→ Data for processing

————————

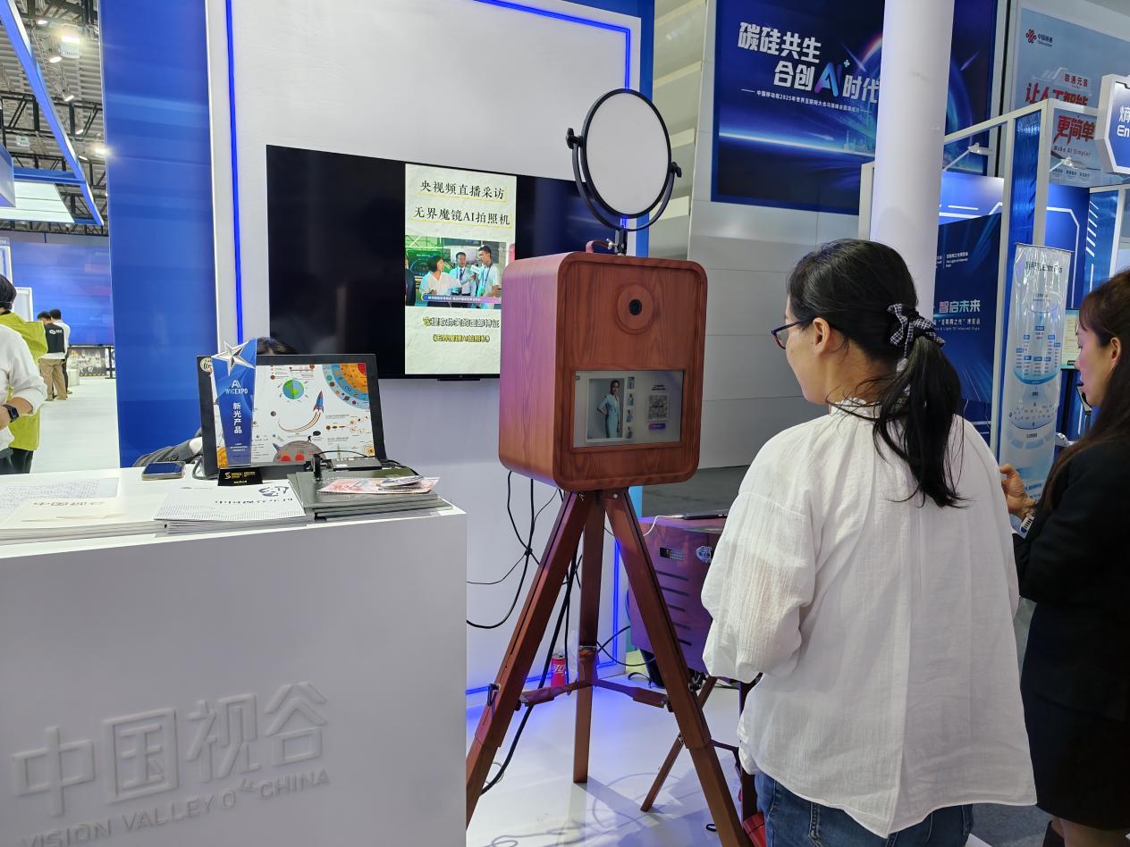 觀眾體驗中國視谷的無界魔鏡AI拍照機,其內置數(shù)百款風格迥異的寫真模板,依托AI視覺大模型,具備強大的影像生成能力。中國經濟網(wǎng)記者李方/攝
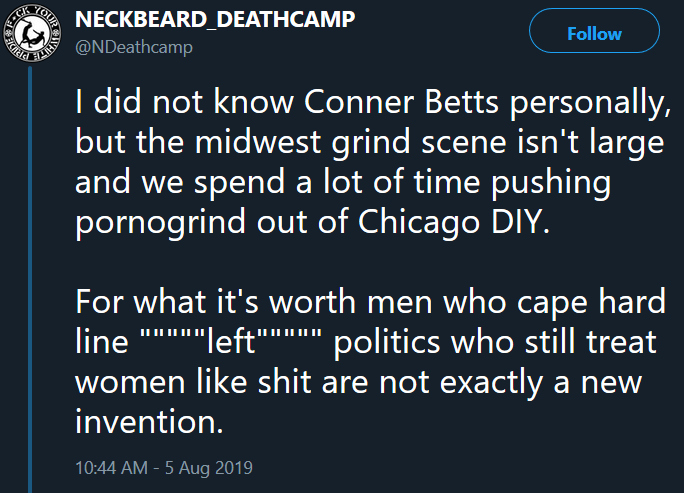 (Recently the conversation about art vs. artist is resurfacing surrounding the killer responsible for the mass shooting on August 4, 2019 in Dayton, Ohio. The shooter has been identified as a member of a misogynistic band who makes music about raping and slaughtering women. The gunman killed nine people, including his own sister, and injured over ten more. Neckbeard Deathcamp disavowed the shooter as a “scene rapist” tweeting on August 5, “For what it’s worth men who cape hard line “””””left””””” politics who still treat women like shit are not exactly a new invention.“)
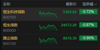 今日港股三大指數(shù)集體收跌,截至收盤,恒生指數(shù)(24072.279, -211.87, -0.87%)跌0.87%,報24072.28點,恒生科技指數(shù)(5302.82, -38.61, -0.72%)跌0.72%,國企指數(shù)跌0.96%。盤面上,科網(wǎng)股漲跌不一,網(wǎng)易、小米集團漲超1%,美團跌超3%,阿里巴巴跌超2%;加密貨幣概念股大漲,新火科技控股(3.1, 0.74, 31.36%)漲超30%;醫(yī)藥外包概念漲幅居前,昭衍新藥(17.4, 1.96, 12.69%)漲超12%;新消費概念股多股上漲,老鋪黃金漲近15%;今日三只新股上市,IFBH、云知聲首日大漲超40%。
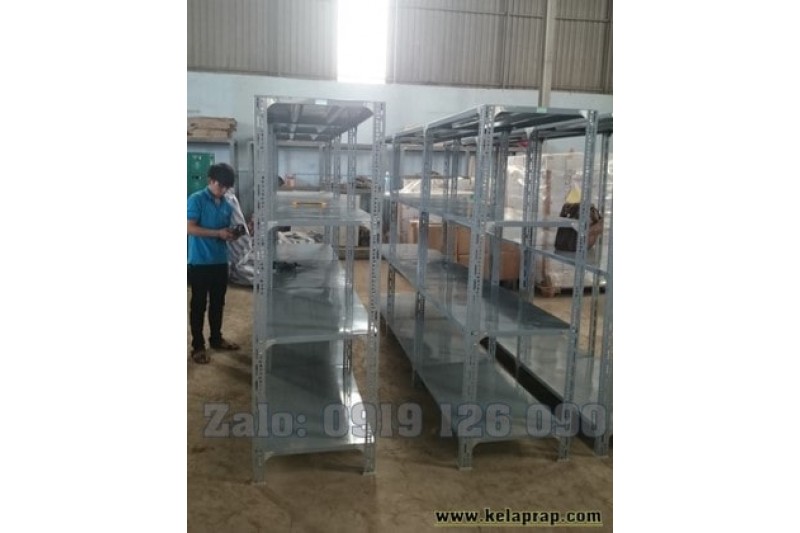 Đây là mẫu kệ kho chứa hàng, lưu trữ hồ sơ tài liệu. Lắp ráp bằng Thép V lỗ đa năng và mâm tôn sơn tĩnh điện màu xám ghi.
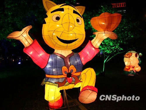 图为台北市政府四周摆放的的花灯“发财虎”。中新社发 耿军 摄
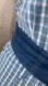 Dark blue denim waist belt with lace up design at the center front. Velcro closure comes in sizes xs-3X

————————

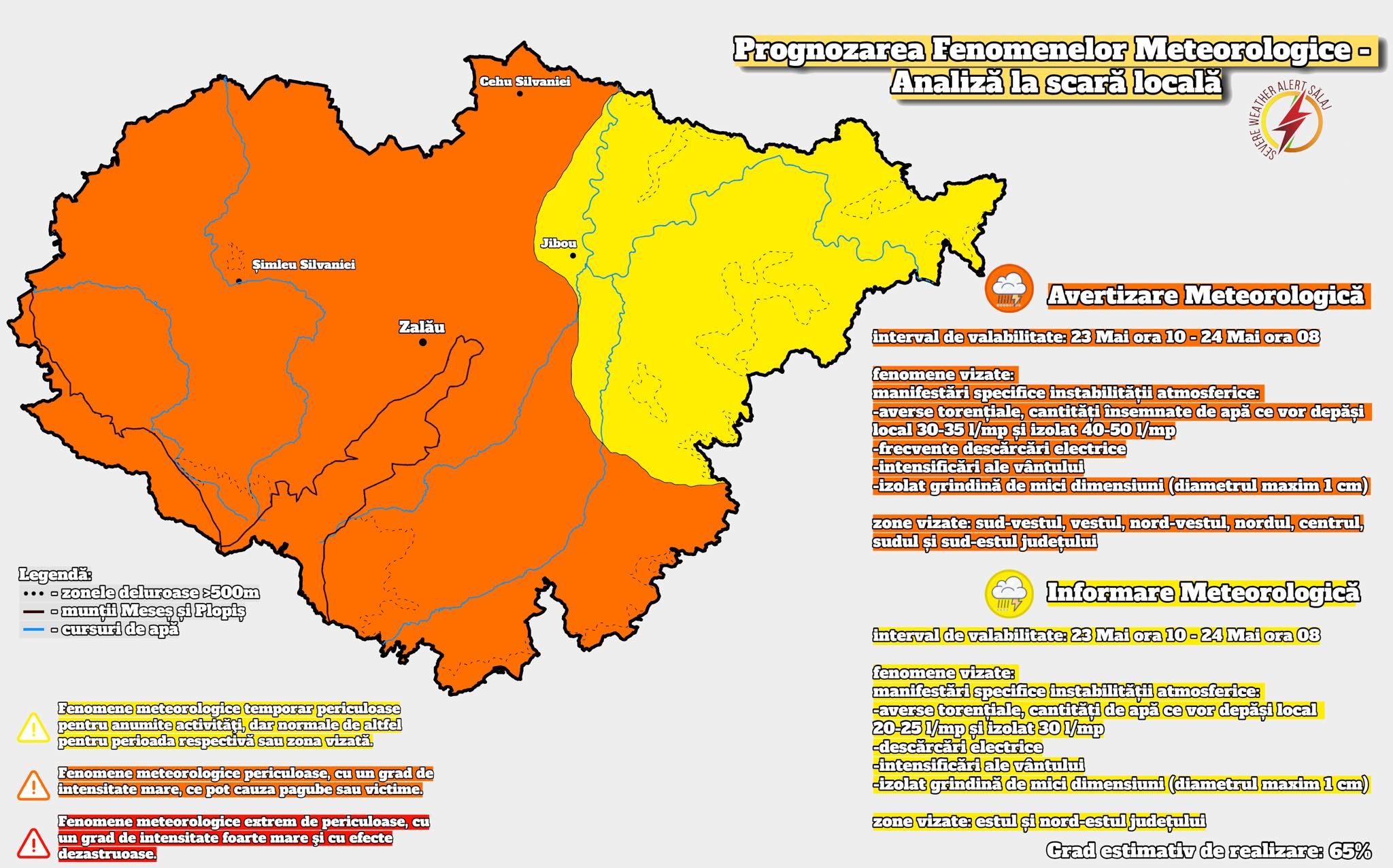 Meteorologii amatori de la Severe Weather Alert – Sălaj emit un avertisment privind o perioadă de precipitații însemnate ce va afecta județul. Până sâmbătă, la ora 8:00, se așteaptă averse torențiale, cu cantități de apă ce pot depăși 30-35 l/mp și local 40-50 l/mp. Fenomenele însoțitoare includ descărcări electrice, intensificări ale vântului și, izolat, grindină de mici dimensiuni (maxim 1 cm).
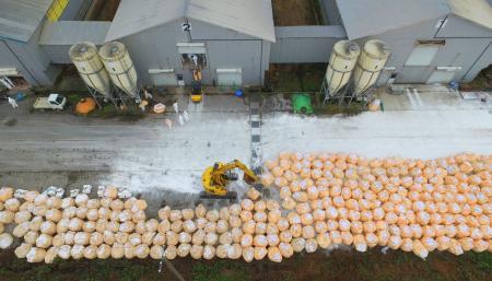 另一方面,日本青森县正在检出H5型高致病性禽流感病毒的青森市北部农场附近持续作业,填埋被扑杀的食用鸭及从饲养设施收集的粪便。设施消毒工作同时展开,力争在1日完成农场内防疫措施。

————————

→ What to work on
Look above for the line with "觀眾體驗中國視谷的無界魔鏡A"; quote it and every line after it, stopping after the line with "Dark blue denim", exactly, with nothing added and without pictures.

→ Worked solution
 觀眾體驗中國視谷的無界魔鏡AI拍照機,其內置數(shù)百款風格迥異的寫真模板,依托AI視覺大模型,具備強大的影像生成能力。中國經濟網(wǎng)記者李方/攝
 (Recently the conversation about art vs. artist is resurfacing surrounding the killer responsible for the mass shooting on August 4, 2019 in Dayton, Ohio. The shooter has been identified as a member of a misogynistic band who makes music about raping and slaughtering women. The gunman killed nine people, including his own sister, and injured over ten more. Neckbeard Deathcamp disavowed the shooter as a “scene rapist” tweeting on August 5, “For what it’s worth men who cape hard line “””””left””””” politics who still treat women like shit are not exactly a new invention.“)
 今日港股三大指數(shù)集體收跌,截至收盤,恒生指數(shù)(24072.279, -211.87, -0.87%)跌0.87%,報24072.28點,恒生科技指數(shù)(5302.82, -38.61, -0.72%)跌0.72%,國企指數(shù)跌0.96%。盤面上,科網(wǎng)股漲跌不一,網(wǎng)易、小米集團漲超1%,美團跌超3%,阿里巴巴跌超2%;加密貨幣概念股大漲,新火科技控股(3.1, 0.74, 31.36%)漲超30%;醫(yī)藥外包概念漲幅居前,昭衍新藥(17.4, 1.96, 12.69%)漲超12%;新消費概念股多股上漲,老鋪黃金漲近15%;今日三只新股上市,IFBH、云知聲首日大漲超40%。
 Đây là mẫu kệ kho chứa hàng, lưu trữ hồ sơ tài liệu. Lắp ráp bằng Thép V lỗ đa năng và mâm tôn sơn tĩnh điện màu xám ghi.
 图为台北市政府四周摆放的的花灯“发财虎”。中新社发 耿军 摄
 Dark blue denim waist belt with lace up design at the center front. Velcro closure comes in sizes xs-3X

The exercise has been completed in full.